In the data below, find the line containing "Дигитална HDTV антена" and the line containing "Die U20-Frauen des", then reproduce them and every line between, exactly. Omit pictures.

▶ _GIVEN INFORMATION_:
====================

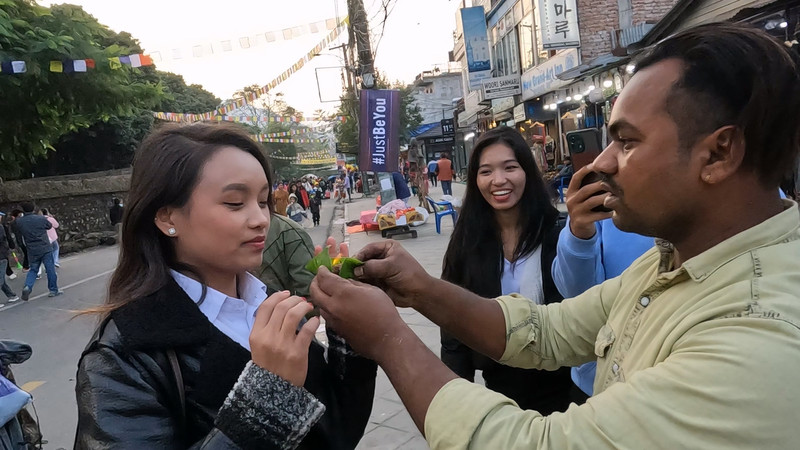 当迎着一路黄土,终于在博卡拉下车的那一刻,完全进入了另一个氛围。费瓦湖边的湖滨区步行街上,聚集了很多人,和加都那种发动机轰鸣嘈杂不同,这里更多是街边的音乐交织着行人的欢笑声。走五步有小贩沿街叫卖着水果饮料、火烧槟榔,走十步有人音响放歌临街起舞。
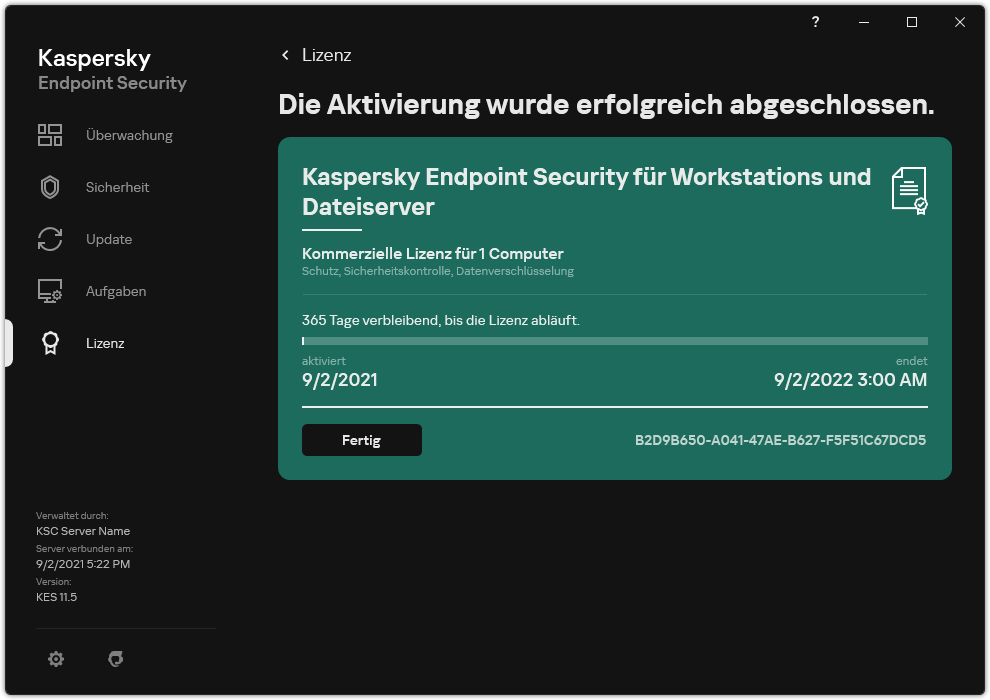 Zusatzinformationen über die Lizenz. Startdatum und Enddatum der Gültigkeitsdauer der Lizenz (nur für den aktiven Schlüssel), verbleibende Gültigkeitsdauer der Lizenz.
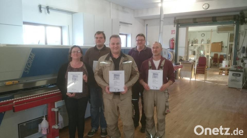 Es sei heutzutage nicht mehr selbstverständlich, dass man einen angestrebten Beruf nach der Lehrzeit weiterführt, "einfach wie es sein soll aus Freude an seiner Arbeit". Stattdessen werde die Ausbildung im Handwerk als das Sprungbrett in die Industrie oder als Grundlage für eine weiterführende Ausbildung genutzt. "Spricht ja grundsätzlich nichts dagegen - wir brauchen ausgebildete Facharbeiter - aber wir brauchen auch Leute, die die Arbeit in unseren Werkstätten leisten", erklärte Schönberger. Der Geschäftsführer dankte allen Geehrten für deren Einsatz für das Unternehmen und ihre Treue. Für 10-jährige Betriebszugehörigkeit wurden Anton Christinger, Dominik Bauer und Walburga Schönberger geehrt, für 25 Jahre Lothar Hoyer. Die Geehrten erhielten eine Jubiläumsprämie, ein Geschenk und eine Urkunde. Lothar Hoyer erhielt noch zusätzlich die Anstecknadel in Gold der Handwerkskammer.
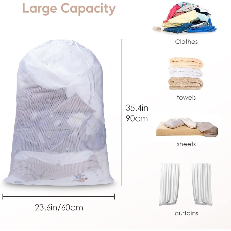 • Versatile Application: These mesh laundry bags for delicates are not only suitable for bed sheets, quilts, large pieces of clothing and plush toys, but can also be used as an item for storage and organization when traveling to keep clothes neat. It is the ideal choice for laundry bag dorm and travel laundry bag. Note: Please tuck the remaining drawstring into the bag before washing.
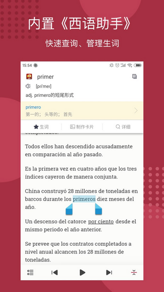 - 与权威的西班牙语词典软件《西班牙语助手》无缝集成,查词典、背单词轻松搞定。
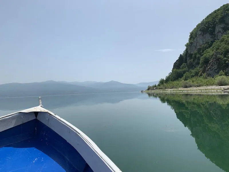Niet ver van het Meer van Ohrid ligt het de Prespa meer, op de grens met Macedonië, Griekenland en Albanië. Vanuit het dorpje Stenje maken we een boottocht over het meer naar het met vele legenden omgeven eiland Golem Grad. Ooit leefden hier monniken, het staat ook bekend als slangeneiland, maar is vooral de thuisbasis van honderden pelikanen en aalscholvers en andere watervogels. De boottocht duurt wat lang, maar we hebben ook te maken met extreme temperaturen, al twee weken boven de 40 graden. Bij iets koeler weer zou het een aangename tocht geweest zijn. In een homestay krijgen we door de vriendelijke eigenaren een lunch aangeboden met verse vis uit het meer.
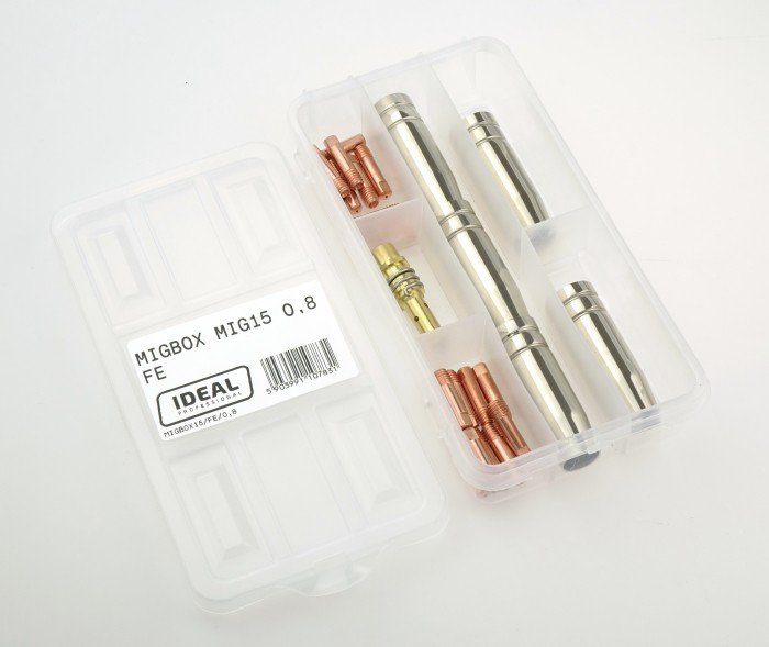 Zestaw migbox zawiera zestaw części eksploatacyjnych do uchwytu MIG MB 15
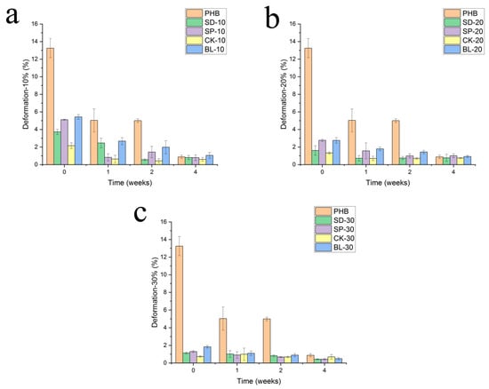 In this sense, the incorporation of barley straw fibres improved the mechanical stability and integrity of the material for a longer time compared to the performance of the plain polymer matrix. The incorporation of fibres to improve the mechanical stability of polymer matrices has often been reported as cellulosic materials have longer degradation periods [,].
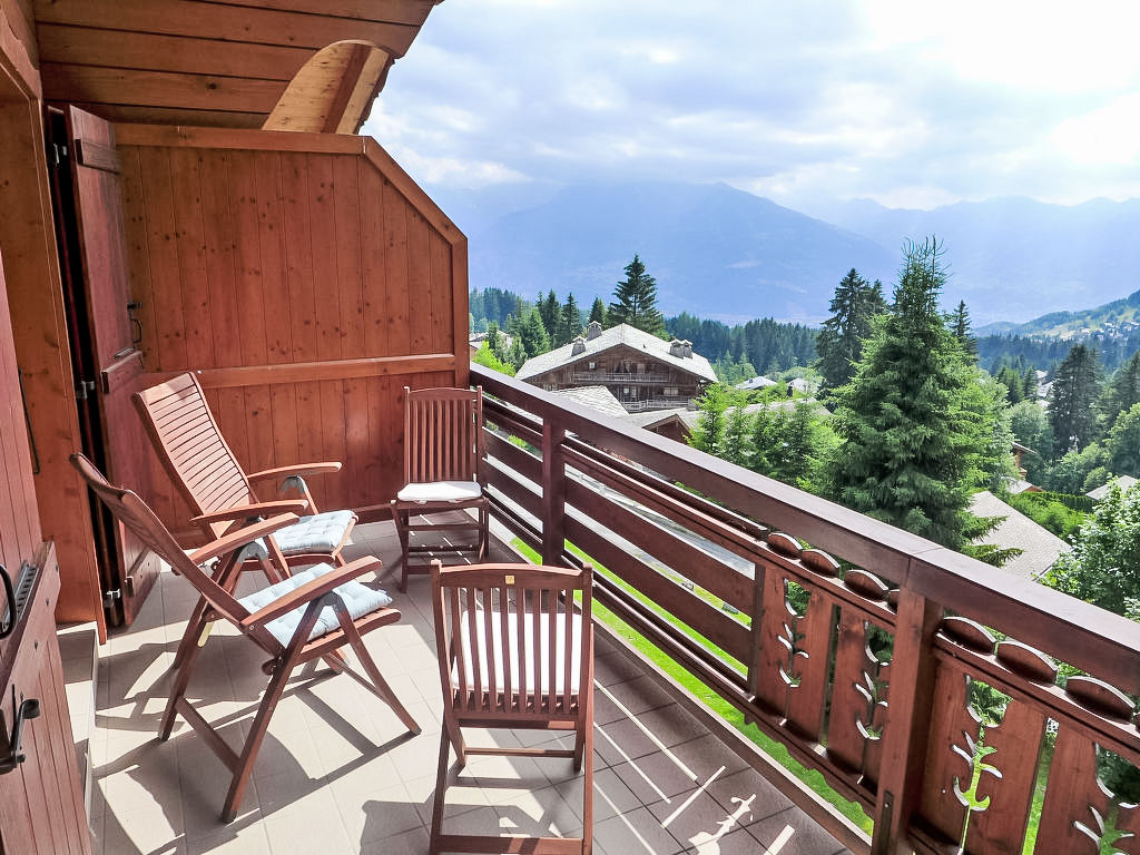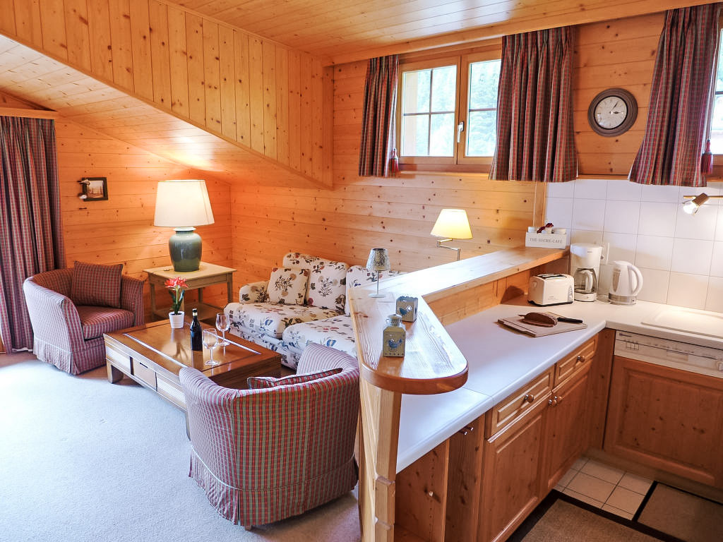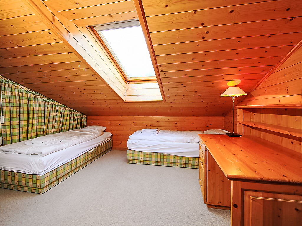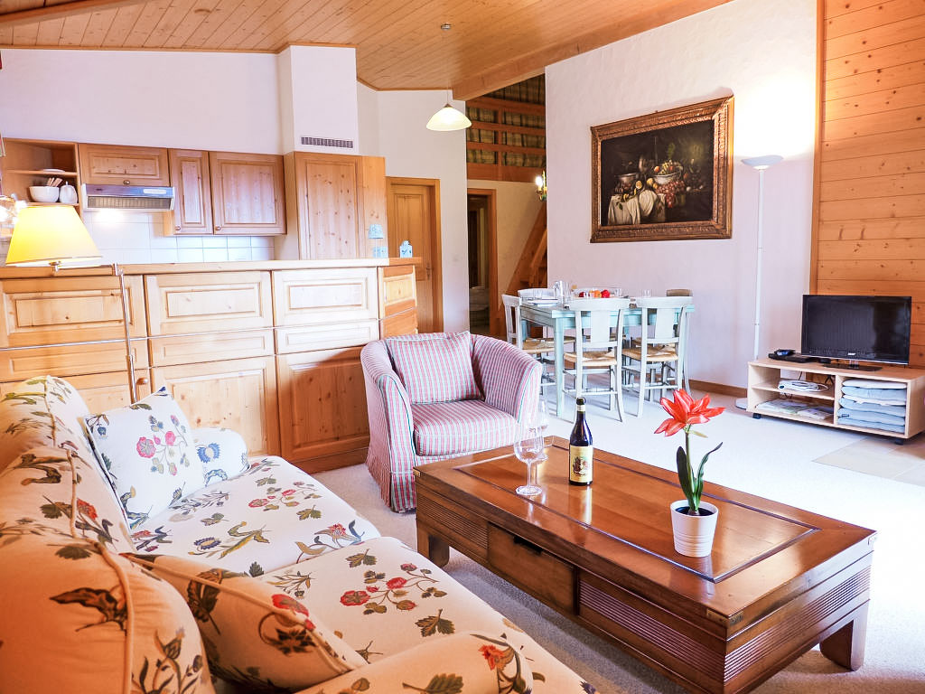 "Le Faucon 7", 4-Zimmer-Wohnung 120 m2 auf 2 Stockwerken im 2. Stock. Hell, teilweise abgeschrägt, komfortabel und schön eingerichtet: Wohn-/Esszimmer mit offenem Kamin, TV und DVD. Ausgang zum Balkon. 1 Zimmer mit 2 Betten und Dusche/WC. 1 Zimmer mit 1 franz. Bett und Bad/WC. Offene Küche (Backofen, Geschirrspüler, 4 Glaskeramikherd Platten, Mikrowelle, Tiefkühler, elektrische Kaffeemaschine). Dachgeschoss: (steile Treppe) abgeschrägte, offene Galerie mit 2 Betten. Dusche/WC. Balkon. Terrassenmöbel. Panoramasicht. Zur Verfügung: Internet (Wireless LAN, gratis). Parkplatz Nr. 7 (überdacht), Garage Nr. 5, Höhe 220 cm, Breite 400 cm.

====================

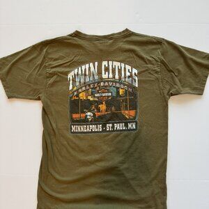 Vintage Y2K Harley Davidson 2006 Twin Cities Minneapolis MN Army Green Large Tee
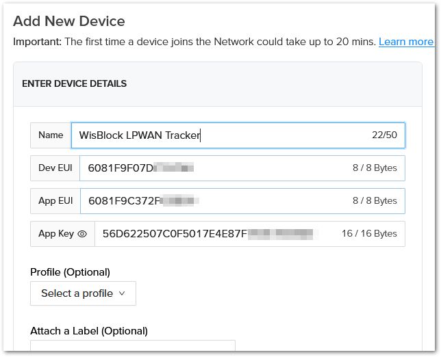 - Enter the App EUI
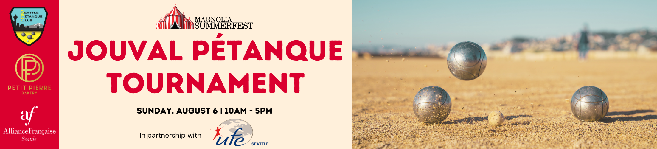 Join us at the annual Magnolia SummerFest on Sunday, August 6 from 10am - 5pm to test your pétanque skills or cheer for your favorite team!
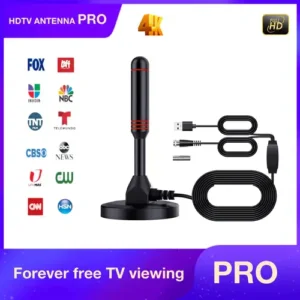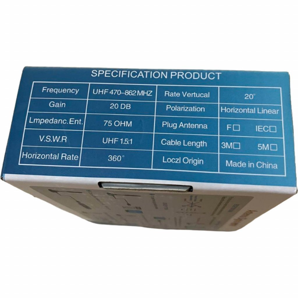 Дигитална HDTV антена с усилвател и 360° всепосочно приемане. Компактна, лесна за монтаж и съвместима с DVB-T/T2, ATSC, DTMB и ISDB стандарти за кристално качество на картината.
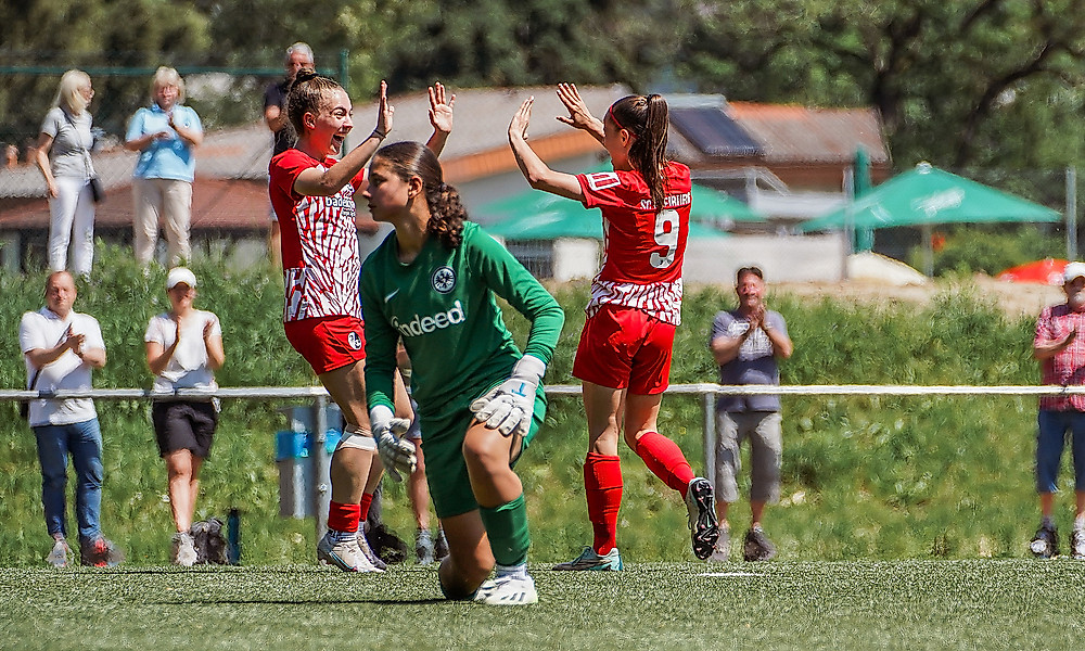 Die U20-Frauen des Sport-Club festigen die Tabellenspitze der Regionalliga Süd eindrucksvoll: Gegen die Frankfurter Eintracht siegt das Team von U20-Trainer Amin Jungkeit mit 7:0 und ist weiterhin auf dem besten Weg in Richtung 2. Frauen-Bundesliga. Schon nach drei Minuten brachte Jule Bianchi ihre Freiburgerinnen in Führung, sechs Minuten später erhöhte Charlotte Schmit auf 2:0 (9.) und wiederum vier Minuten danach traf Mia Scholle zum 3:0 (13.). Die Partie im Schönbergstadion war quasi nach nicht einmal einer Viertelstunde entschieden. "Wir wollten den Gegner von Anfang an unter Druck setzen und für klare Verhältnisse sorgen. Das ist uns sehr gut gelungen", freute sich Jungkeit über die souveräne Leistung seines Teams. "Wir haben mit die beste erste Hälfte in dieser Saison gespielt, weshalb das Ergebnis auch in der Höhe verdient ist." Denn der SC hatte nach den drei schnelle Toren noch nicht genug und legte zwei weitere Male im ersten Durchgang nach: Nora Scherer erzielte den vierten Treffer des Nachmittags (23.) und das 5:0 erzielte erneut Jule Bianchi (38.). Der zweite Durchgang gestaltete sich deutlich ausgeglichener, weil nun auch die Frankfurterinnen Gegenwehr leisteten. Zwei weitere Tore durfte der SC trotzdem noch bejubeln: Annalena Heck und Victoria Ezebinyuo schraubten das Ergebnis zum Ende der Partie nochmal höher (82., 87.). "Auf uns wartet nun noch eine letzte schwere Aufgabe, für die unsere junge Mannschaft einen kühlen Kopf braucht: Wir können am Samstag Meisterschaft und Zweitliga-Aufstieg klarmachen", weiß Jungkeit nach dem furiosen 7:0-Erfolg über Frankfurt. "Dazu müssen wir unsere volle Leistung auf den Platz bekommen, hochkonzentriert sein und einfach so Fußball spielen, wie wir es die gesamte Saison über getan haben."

====================

▶ _RESULT FOR THIS TASK_:
 Дигитална HDTV антена с усилвател и 360° всепосочно приемане. Компактна, лесна за монтаж и съвместима с DVB-T/T2, ATSC, DTMB и ISDB стандарти за кристално качество на картината.
 Die U20-Frauen des Sport-Club festigen die Tabellenspitze der Regionalliga Süd eindrucksvoll: Gegen die Frankfurter Eintracht siegt das Team von U20-Trainer Amin Jungkeit mit 7:0 und ist weiterhin auf dem besten Weg in Richtung 2. Frauen-Bundesliga. Schon nach drei Minuten brachte Jule Bianchi ihre Freiburgerinnen in Führung, sechs Minuten später erhöhte Charlotte Schmit auf 2:0 (9.) und wiederum vier Minuten danach traf Mia Scholle zum 3:0 (13.). Die Partie im Schönbergstadion war quasi nach nicht einmal einer Viertelstunde entschieden. "Wir wollten den Gegner von Anfang an unter Druck setzen und für klare Verhältnisse sorgen. Das ist uns sehr gut gelungen", freute sich Jungkeit über die souveräne Leistung seines Teams. "Wir haben mit die beste erste Hälfte in dieser Saison gespielt, weshalb das Ergebnis auch in der Höhe verdient ist." Denn der SC hatte nach den drei schnelle Toren noch nicht genug und legte zwei weitere Male im ersten Durchgang nach: Nora Scherer erzielte den vierten Treffer des Nachmittags (23.) und das 5:0 erzielte erneut Jule Bianchi (38.). Der zweite Durchgang gestaltete sich deutlich ausgeglichener, weil nun auch die Frankfurterinnen Gegenwehr leisteten. Zwei weitere Tore durfte der SC trotzdem noch bejubeln: Annalena Heck und Victoria Ezebinyuo schraubten das Ergebnis zum Ende der Partie nochmal höher (82., 87.). "Auf uns wartet nun noch eine letzte schwere Aufgabe, für die unsere junge Mannschaft einen kühlen Kopf braucht: Wir können am Samstag Meisterschaft und Zweitliga-Aufstieg klarmachen", weiß Jungkeit nach dem furiosen 7:0-Erfolg über Frankfurt. "Dazu müssen wir unsere volle Leistung auf den Platz bekommen, hochkonzentriert sein und einfach so Fußball spielen, wie wir es die gesamte Saison über getan haben."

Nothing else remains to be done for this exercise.